Why Museveni has taken this year’s National Heroes Day commemoration to Lyantonde
In choosing Lyantonde for Heroes Day 2025, Uganda isn’t just hosting a national function, it’s correcting the record. It’s shifting the spotlight from podiums to porches, from generals to grandmothers, from rifles to resilience.

As Uganda prepares to mark its 36th National Heroes Day, an extraordinary story of sacrifice, loyalty, and resilience quietly takes center stage. Not in the flashy national ceremony, but in the dusty, blood-soaked soil of Lyantonde.
This year’s commemoration will be hosted at Lyantonde Technical Institute, not merely out of rotation, but in powerful recognition of a district that has stood tall for decades as a silent powerhouse of the Bush War revolution.
“To the people of Lyantonde, the NRA struggle was personal. It wasn’t just a fight led by generals in fatigues, it was a fire lit in homes, hidden in granaries, and whispered through banana plantations,” declared Milly Babalanda, Minister for the Presidency, as she unveiled plans for the national celebration.
Indeed, while the nation salutes the prominent faces of the liberation struggle, Lyantonde’s farmers, mothers, teachers, and youth are emerging as the real unsung heroes, the lifeblood behind the bullets, the meals behind the marches, and the voices behind the whispers of resistance.
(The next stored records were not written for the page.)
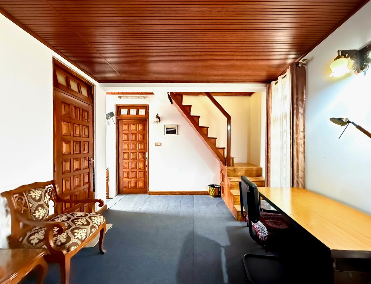 Esta será la estancia más valiosa y razonable en Darjeeling, ya que obtendrías un apartamento entero con cocina totalmente funcional y salas de estar y dormitorios amueblados. A solo 1,5 km de la ciudad principal (Chauk Bazaar), tenemos un barrio seguro y tranquilo adecuado para parejas, familias y viajeros solos. Se puede llegar a pie a atracciones como el zoológico, el museo HMI y el teleférico. Hay taxis compartidos disponibles para desplazarte. La vista desde el balcón privado es fascinante.
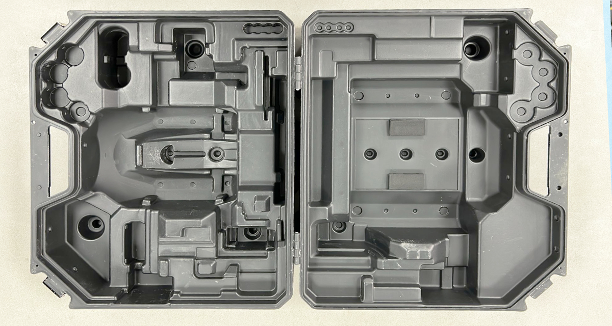 Lege, open koffer voor een Levelfix 860H / HVS laser met lichte gebruikssporen aan de binnenkant.
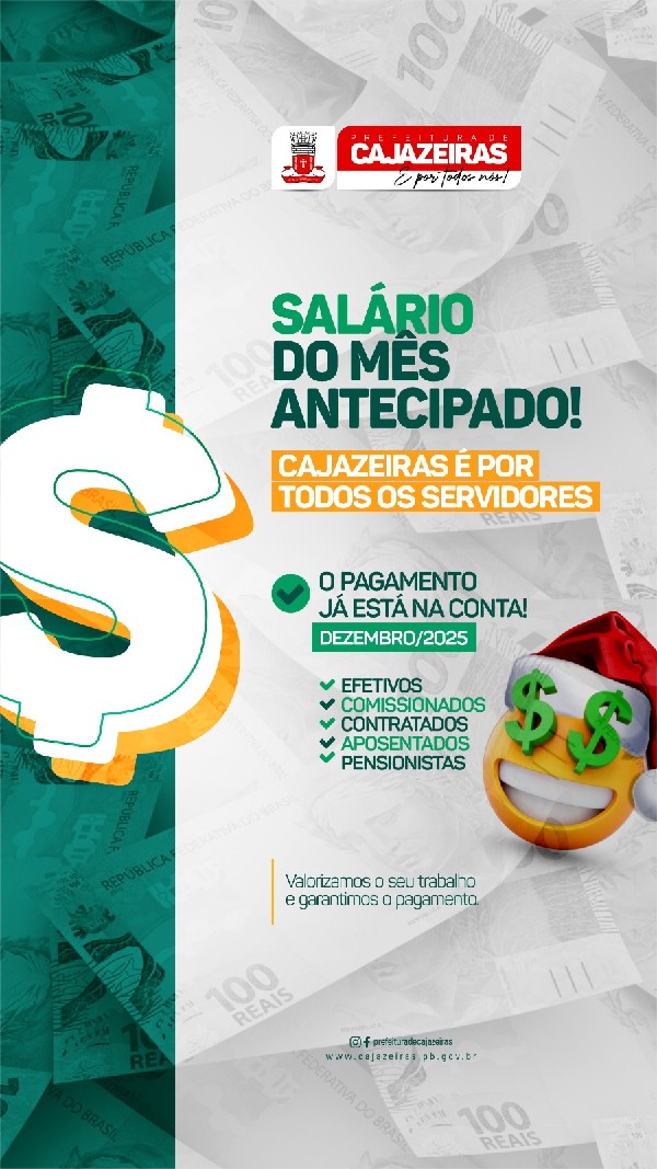 A prefeita de Cajazeiras, Corrinha Delfino, anunciou, por meio de suas redes sociais, na manhã desta terça-feira (23), a antecipação do pagamento integral da folha salarial referente ao mês de dezembro dos servidores públicos municipais. A medida contempla servidores efetivos, contratados, comissionados, além de aposentados e pensionistas.

With over 98% electoral loyalty to the ruling NRM government since 1986, Lyantonde’s political commitment is not blind allegiance, it is earned trust forged in fear, fire, and faith. This district was not just a corridor for rebel recruits, it was a sanctuary, a supplier, a source of spiritual and material strength when the tides of war turned deadly.
“People were disappeared, tortured, and killed for being sympathetic to the cause,” Babalanda emphasized. “Lyantonde residents paid the price with their lives, their land, and their peace.”
Names of legendary contributors, both fighters and civilians, now rise from the shadows: Lt. Gen. Pecos Kutesa, Capt. Ben Muhanguzi, Mzee Bujanjara, Madam Akiiki Mugeiga, and scores more who offered not just food or shelter, but unshakable hope in Uganda’s darkest hour.
Their legacy runs deeper than medals and monuments. Today, Lyantonde thrives as an agricultural force, embodying Museveni’s mantra of chasing poverty from homesteads. Yet, its greatest riches remain the courage and loyalty etched into its hills and homesteads.
In choosing Lyantonde for Heroes Day 2025, Uganda isn’t just hosting a national function, it’s correcting the record. It’s shifting the spotlight from podiums to porches, from generals to grandmothers, from rifles to resilience.